Abstract

Immature granulocytes (IGs) are used as markers of infection and systemic inflammation. We aimed to investigate the diagnostic value of IGs in children with urinary tract infections (UTIs). Children with their first UTIs were included in this observational study. Blood samples were obtained before antibiotic therapy. The blood analysis was repeated 2 weeks after the treatment ended. In total, 194 children (95 with febrile UTI, 58 with cystitis, and 41 controls) were included. The percentage of IGs (IG%) and IG count (IGC) measured at the time of admission were higher in the patients with febrile UTI than in the patients with cystitis and the controls (P = 0.000).

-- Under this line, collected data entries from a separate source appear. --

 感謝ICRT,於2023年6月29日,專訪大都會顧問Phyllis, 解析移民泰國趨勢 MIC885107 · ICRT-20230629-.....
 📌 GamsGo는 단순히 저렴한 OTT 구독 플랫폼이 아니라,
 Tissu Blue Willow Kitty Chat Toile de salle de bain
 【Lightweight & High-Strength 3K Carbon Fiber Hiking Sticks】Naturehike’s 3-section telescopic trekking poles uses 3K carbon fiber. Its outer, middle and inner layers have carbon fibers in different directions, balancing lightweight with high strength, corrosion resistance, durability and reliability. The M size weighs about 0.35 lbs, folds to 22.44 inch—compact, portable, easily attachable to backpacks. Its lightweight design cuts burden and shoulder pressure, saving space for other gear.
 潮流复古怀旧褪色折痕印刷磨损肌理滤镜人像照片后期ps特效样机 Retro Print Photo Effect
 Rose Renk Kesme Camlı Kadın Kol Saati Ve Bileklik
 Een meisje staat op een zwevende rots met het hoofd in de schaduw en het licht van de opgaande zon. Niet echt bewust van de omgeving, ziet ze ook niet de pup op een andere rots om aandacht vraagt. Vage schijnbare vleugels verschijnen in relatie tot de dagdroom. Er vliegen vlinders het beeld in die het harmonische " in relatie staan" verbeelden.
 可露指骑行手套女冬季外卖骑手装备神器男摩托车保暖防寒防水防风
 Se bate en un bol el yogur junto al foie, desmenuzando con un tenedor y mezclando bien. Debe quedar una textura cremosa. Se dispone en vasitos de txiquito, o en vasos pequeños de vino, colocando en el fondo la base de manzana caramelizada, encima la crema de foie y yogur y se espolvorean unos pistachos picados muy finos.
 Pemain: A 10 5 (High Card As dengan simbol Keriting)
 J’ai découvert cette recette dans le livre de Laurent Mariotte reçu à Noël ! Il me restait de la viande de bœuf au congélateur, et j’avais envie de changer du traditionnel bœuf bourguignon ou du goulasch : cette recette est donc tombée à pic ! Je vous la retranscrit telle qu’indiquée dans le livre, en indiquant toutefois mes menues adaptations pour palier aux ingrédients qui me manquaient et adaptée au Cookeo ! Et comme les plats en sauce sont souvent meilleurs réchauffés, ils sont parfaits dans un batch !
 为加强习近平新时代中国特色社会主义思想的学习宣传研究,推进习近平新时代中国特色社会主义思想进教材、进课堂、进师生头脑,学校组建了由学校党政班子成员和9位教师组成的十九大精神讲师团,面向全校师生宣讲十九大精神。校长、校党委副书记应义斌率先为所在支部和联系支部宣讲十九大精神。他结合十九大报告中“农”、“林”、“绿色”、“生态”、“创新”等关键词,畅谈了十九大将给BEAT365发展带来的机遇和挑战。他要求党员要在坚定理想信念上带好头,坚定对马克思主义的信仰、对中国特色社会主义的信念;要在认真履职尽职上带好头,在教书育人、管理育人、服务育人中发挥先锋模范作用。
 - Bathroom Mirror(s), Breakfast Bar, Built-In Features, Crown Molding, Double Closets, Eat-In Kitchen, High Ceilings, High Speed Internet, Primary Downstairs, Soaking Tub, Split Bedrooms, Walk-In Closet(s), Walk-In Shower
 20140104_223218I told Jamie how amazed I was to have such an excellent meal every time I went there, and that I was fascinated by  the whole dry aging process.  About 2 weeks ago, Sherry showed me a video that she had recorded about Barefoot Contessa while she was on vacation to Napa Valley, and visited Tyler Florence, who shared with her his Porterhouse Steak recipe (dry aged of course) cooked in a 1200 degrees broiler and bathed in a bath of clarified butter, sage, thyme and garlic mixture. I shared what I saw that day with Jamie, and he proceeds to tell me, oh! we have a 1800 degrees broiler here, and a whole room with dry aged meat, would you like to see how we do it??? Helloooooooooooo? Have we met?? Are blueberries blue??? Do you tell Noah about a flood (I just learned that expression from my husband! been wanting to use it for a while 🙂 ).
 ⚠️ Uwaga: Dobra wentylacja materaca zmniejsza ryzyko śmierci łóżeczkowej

The IGC and IG% after treatment were higher in patients with renal scarring than in those without scarring (P = 0.012 and P = 0.021, respectively). Cox's regression analysis showed the significant associations of renal scarring with both IGC and IG% (hazard ratio: 8.181, P = 0.002; hazard ratio: 5.106, P = 0.033, respectively). Both IGC and IG% were positively associated with severe vesicoureteral reflux (VUR) [odds ratio (OR): 22.235, P = 0.025; OR: 15.597, P = 0.038, respectively]. In conclusion, the IG% and IGC, which can be easily measured in a routine complete blood count without the need for additional effort, could be used as biomarkers for predicting febrile UTI, renal scarring, and severe VUR in children.